Bea siguió murmurando por lo bajo todavía, como si no comprendiera que aquello significara que tenía que callar al menos durante unos segundos. Así que la besó. Y aquello sí que funcionó.

—No hacía falta que me soltaras todo esto para decirme que quieres que me quede. Iba a hacerlo igual. Me gustan las vacas, me gusta tu hijo, me gusta este pueblo, me gusta hasta su estúpido alcalde, aunque lo negaré incluso bajo tortura si se lo dices. Por favor, si hasta he decidido escribir mi autobiografía ambientada en este horrible pueblo y pienso llamarla algo así como La increíble historia de amor de Hans Gandía y su Beatriz, aunque es un título provisional. Me gustas tú —añadió con otro pequeño beso—. Y me gustará nuestro hijo.

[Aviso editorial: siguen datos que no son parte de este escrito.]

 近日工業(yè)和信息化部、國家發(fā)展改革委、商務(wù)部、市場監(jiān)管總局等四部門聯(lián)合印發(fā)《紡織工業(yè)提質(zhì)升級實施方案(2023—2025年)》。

Bea parpadeó al ver su sonrisa de felicidad.

—¿En serio? —preguntó con tal expresión de sorpresa que Hans pensó que debería sentirse insultado.

La pregunta salió al fin, en un tono tan dubitativo y con una voz tan suave que él apenas la pudo escuchar.

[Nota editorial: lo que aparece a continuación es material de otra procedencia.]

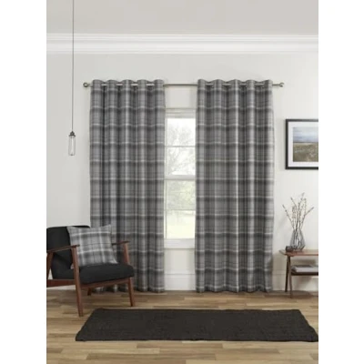 Carnoustie Blackout Eyelet Ring Top Curtains Grey 46x54' Sundour

—¿Sabes que tu madre vino otra vez a echarme de «su» casa? Por algún motivo ella también piensa que voy a dejarte después de aprovecharme de ti. ¿Por qué? Si todo el pueblo ve que estoy enamorado de ti, ¿por qué no lo ves tú?

Hans notó los dedos de Bea en sus labios. No supo si quería que se callase o si solo quería confirmar que era de verdad.

—¿Mi madre fue a verte?

—Y volvió a pillarme en pelotas. Ella sí que tiene un don para sacarme de mis casillas, en serio. Pero te juro que tendré paciencia con ella si un día tú y yo… bien, en fin… ¿Has escuchado que te quiero?

Bea parpadeó y se acercó para besarlo con torpeza.

Hans se dijo que podía tomarse aquello como una respuesta.